Craig and I have secretly been together since Sophmore year. It started with us both just experimenting as friends. A few kisses and sloppy handjobs now and then. Eventually, we moved onto friends with benefits Junior Year, screwing every which way whenever we could. Now as Seniors, It's gone to booty calls and stress fucks.  We keep this all away from our friends, bickering and laughing like normal whenever we're with them. No one suspects a thing.
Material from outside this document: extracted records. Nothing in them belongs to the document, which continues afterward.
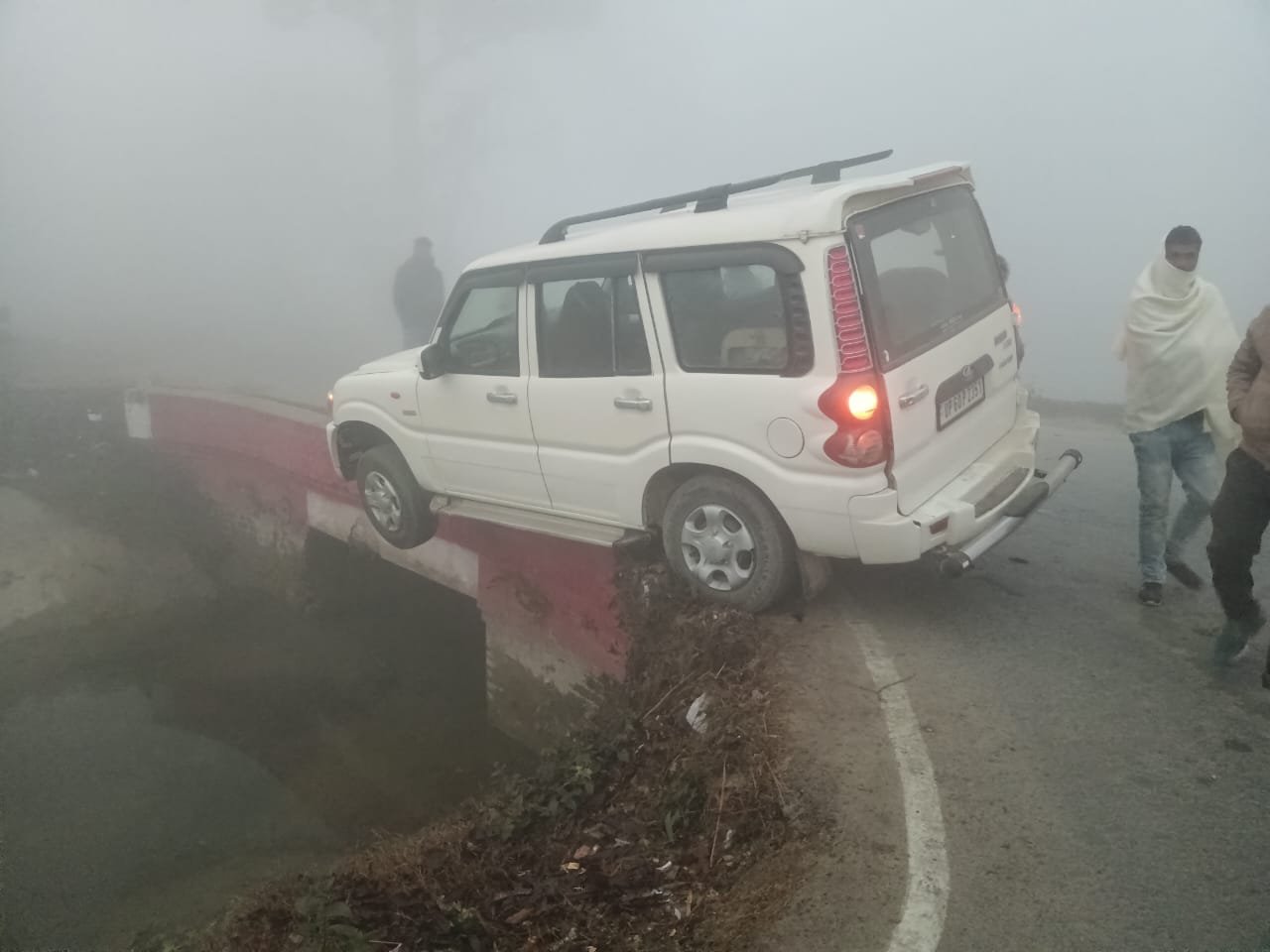 बलिया। रतसड़ गड़वार मार्ग के सिकरिया मोड़ के पास घना कोहरा के चलते रेलिंग विहीन नहर की पुलिया से श्रद्धालुओं से भरी स्कार्पियो पानी भरे नहर में पलटने से बच गई और एक बड़ा हादसा होते होते बच गया। रविवार को तड़के सुबह क्षेत्र के जगदरा गांव से स्कार्पियो से 6 महिलाओं सहित एक पुरुष मौनी अमावस्या पर्व पर बक्सर गंगा स्नान के लिए जा रहे थे। स्कॉर्पियो को मोड़ते समय पुलिया के रेलिंग पर ही स्कॉर्पियो चढ़ गई। कुहासे एवं गहरा धुंध के चलते स्कार्पियो की गति धीमी थी जिसकी वजह से बड़ा हादसा होते होते बच गया। अगर गाड़ी का रफ्तार तेज होता तो बड़ा हादसा हो सकता था।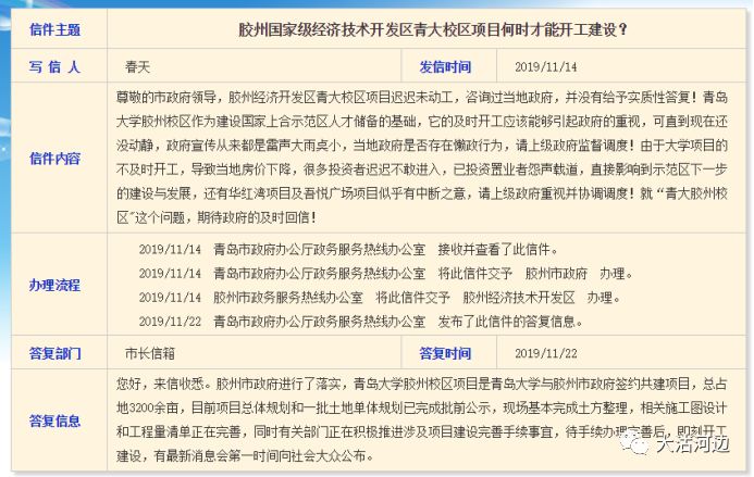 看图中,原来的中骏地块已经被抹去,全部划进了胶州校区的建设范围。校区内中骏置业地块相关事宜,目前相关部门正在积极推进中。看似已经得到解决。可就在所有人都以为青大校区马上开工的时候,施工现场却纹丝不动。青岛大学新校区尚未开工建设,究竟卡在了哪里?根据官方11月22日最新回复内容:青岛大学胶州校区项目是青岛大学与胶州市政府签约共建项目,总占地3200余亩,目前项目总体规划和一批土地单体规划已完成批前公示,现场基本完成土方整理,相关施工图设计和工程量清单正在完善,同时有关部门正在积极推进涉及项目建设完善手续事宜,待手续办理完善后,即刻开工建设。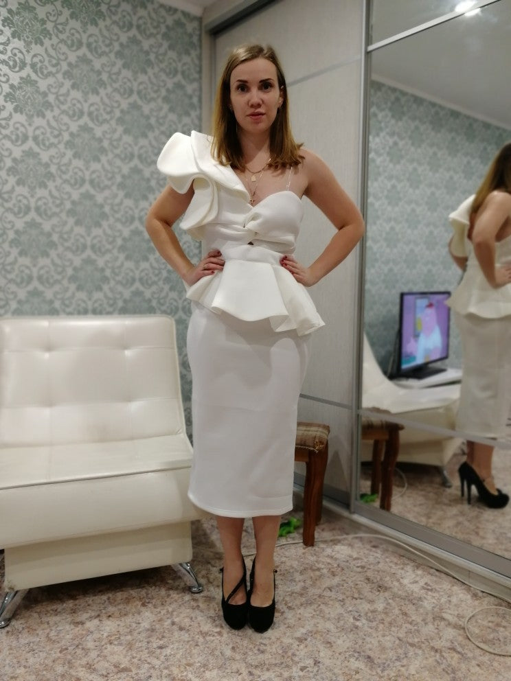 Designed with structure and softness, this off shoulder dress brings together ruffled detailing and an open back for a modern, refined shape.

It's the perfect operation to me, It's the most ideal. 

But Craig has always wanted to be more than this. Since we started. Craig has a luxury I don't have, he is openly gay. He gets bullied and his parents kicked him out to squat in old hotels and friend's houses. At least he's not living a lie. Me on the other hand, I'm the star quarterback, breaker of hearts and heads. My parent's perfect straight son. They've always been accepting but I don't think I could bring myself to ruin my family's name like that. Craig doesn't understand that. So this question always finds it's way around. 

"Until you want it to stop. Honestly, Craig, I don't know why you even bother with me. There are plenty of other gay guys that want to dick you down." I reply looking away from him and sitting on the edge of the bed to pull my boxers back on. Craig sits up behind me, putting his chin on my shoulder and pressing his body against my back. 

He wraps his arms around my chest and he nuzzles his face into my cheek.

"But I want you, Tyler. We have something that I couldn't have with anyone else. If you would just admit that your gay-" I stop him.  

"You know I can't, Craig. Do you know what that would do to me? It would ruin me. Me and my family." I snap getting a scoff from Craig as he pulls away and falls back onto the bed. 

"Who cares? It's better than living this dumb lie. You're gay, Tyler. If you won't admit to your family and friends, at least admit it to yourself." I glare back at him. 

"I'm not having this fight with you." I try to keep my voice calm and steady but it's hard when he's so frustrating. I pray that's the end of it but of course he has to keep pushing it. 

"Why not, Tyler? It's about time we talked about this. You've been in denial for years and I'm sick of waiting for you to finally grow the balls to accept who you are and be with me." Craig's words are sharp but backed by hurt. 

"If I didn't accept myself I wouldn't be here with you! I'm just not ready for everyone else to know. Can't you understand that?" I say, anger seeping into my words. 

"It's nothing to be ashamed of! Can't you understand that? and who cares what everyone else thinks?" Craig retorts, watching me pull on my joggers. I whip my head around to face him. 

"I care! No college recruiter is going to want a gay guy on their team! No one will ever look at me the same again. This could ruin my future, my possible career. I can't have that." 

"So you're saying your reputation with the sluts and the jocks is more important that who you are and how you actually feel?" Craig crosses his arms over his chest. 

"I'm saying that I'm not going to fuck up the rest of my life because the boy I've been screwing wants to go on dinky ass dates and hold hands and swap spit where everyone can see!" As soon as the words tumble out of my mouth, I regret them. Craig's face goes blank with hurt. 

His voice is quiet as he speaks, "Is that all I am to you? A quick fuck?" 

No, you're not. I want to date you more than anything and show you off. I want to be with you, Craig. You know I do. That's what I want to say. But instead, I straighten up and grab my shoes and hoodie. I turn from him before speaking, my words coming out heated and emotionless.